By Staff Writer | August 18, 2003

      By Stephen A. Blum

      With the closing of Global Radio, satellite radio in Europe will be limited to service from WorldSpace’s AfriStar bird for the foreseeable future. AfriStar was originally designed to serve Africa and the Middle East, but its L-band footprint is broad enough that listeners in most of Western Europe (south of Scandinavia) can receive a perfectly usable signal.

      When they can see the satellite, that is. With most of the Western European market located north of the 45th parallel, AfriStar has to overcome low look angles ranging from 25 to 35 degrees in most of the potential market.

      It’s a manageable problem for most listeners in fixed locations, such as homes or offices, but it is problematic for mobile listeners, particularly those whose driving habits keep them within a hundred kilometers or so of home and in the shadow of hills, looming buildings and narrow streets.

      Long haul truckers, recreational vehicle aficionados and others who spend many hours a week driving along open motorways and through largely undeveloped countryside have less of a problem with terrestrial obstructions, a greater need for satellite radio service, and presumably more tolerance for signal outages caused by low look angles.

      Market Segments

      The initial home and office market for satellite radio in Europe would be focused in two specific segments: consumers of audio programming, particularly information and niche music formats, and expatriates looking for news and entertainment in their native languages.

      If a satellite radio company, either WorldSpace or a new entrant, pursued the Western European home and office, and long-distance driving segments with a subscription-based service as effectively as XM Satellite Radio [Nasdaq: XMSR] and Sirius Satellite Radio [Nasdaq: SIRI] have attacked the United States, significant growth is possible.

      This forecast (see Table 1) assumes that enough sufficiently attractive programming is available to entice potential subscribers to sample the service at retail outlets and convince them to buy.

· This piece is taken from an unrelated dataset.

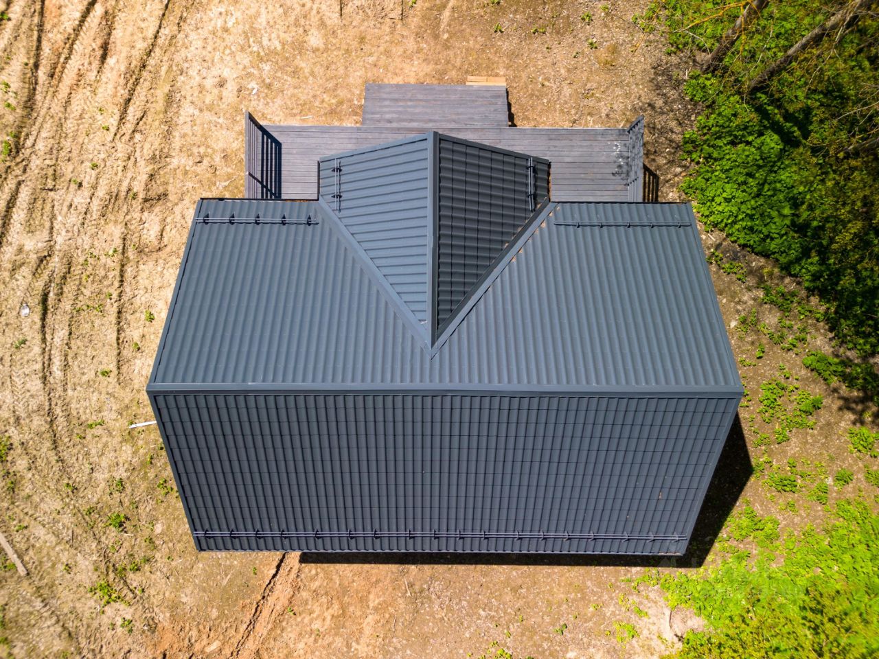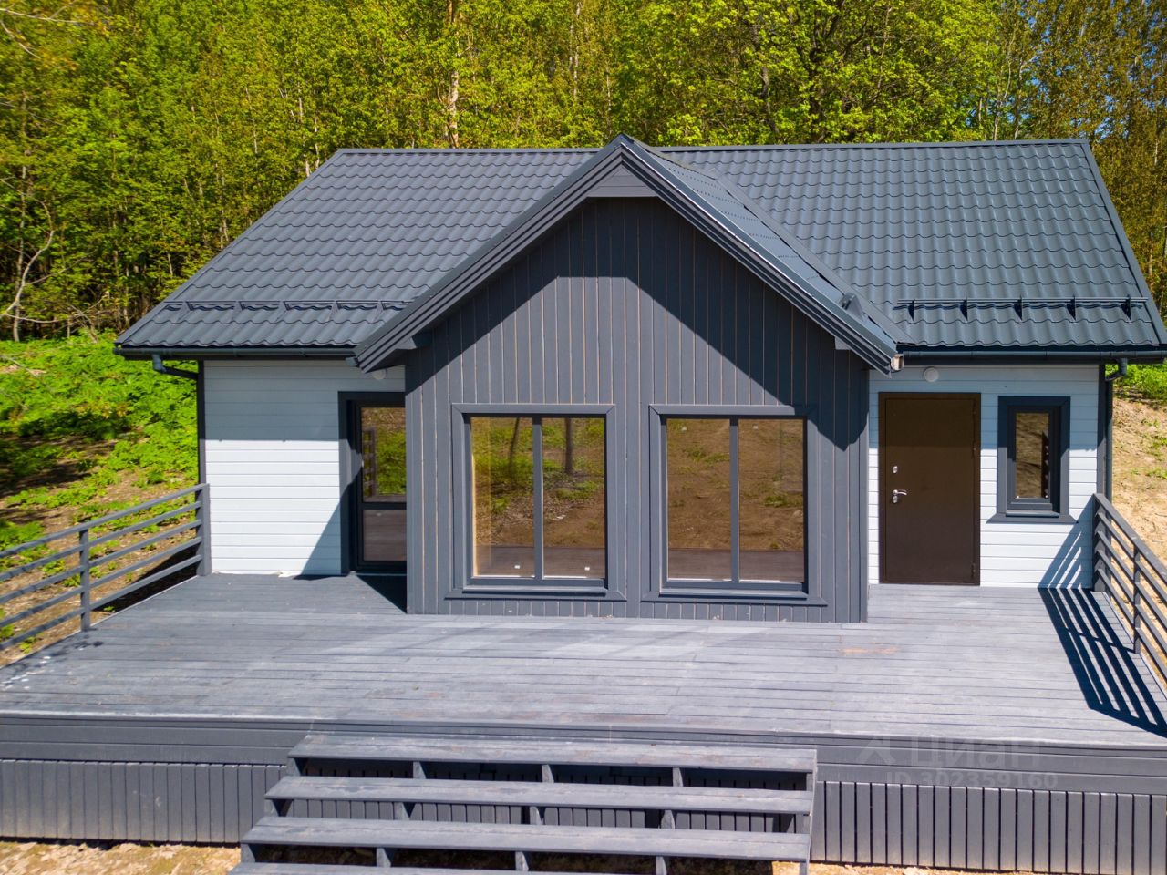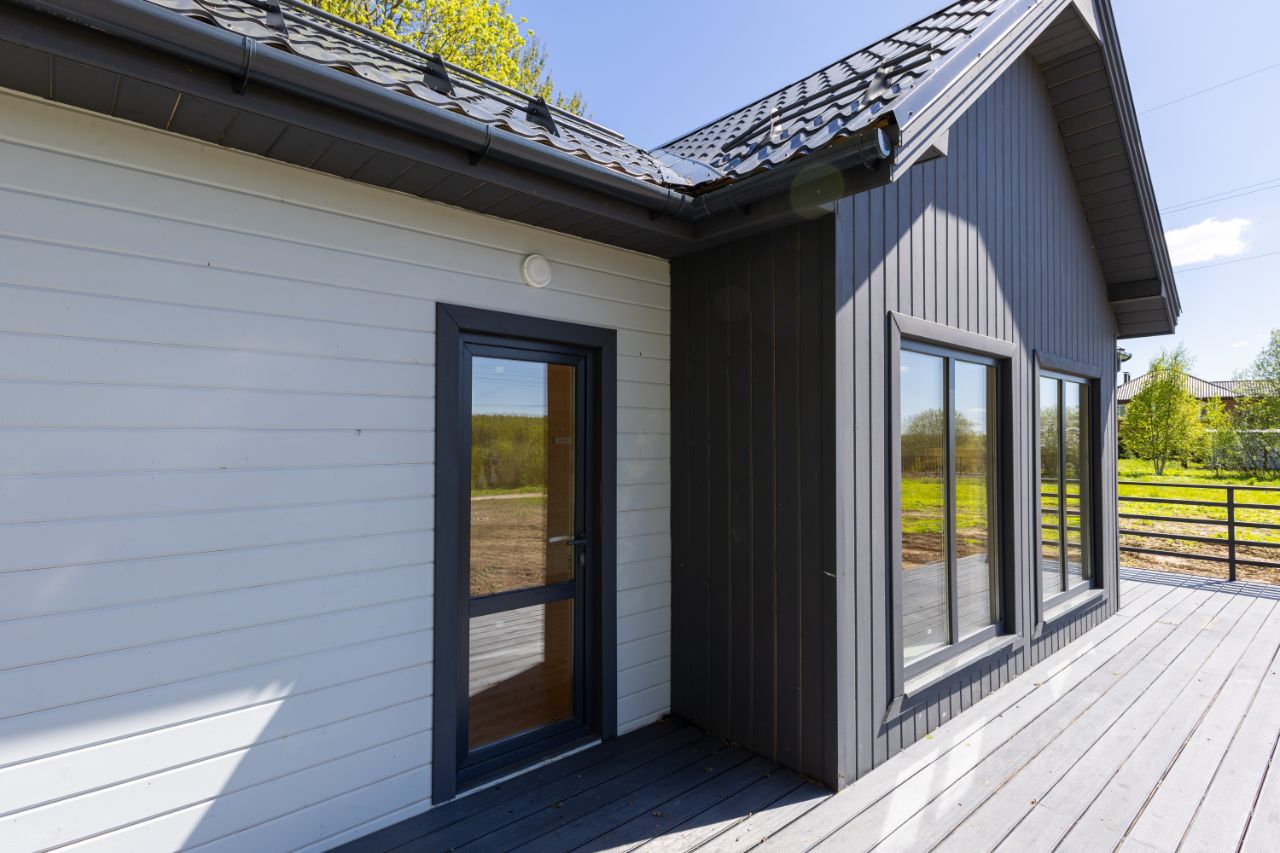 В доме: большая кухня-гостиная (28 кв. м.), две спальни (12,7+10,6 кв. м.), тамбур (5 кв. м.). котельная (4 кв. м.), санузел (5,5 кв. м.), просторная терраса (25,5 кв. м.) Электричество 15 кВт. (подключено): электропроводка, розетки, выключатели и освещение - разведено!

It also assumes that the retail availability of satellite radio hardware is adequate, which might not prove to be the case. Although the European Union is gradually harmonizing consumer electronics distribution, retailing is predominantly organized along national lines, and favors small, independent retailers to a much greater degree than in the United States, where chain stores dominate.

      The Tellus Venture Associates European satellite radio outlook model allows for a less efficient retail infrastructure, but the active cooperation of consumer electronics dealers cannot be guaranteed. The projections are not the result of an analysis of a particular system or business model, but instead a consideration of the prospects for generalized satellite radio technology and service. In any proposed satellite broadcasting venture, the devil is in the details, and seemingly trivial strategic choices can have a significant impact on subscriber prospects.

      Europeans do not tend to drive as far or as frequently as North Americans, and growth prospects within the mainstream mobile users segment are more limited than in the United States. Still, a potential market exists (see Table 2).

      The Trouble With GEO

      A European satellite radio system that relies solely on geosynchronous satellites will have trouble extending its reach into the cars of average drivers. On the other hand, a geosynchronous-only system is cheaper to build and operate. One of the questions that WorldSpace or any other prospective European satellite radio operator must address is whether or not the size of the potential mainstream mobile segment justifies the additional investment and operating cost needed to effectively reach it.

      One solution is to take the route Sirius pioneered in the United States and Global Radio proposed to follow in Europe, which is to use a non-geosynchronous satellite constellation engineered to provide high look angles over northern latitudes. Sirius deployed three satellites in a Molniya orbit with 50- to 70-degree look angles over most of its service area. Global Radio intended to go even further, using a different, highly elliptical, three satellite orbital scheme that would have given most listeners a 70- to 80- degree shot to a satellite. The nearly straight up look angle was deemed necessary because European streets tend to be narrower than in the United States, with multi-story buildings squeezed close to the curb.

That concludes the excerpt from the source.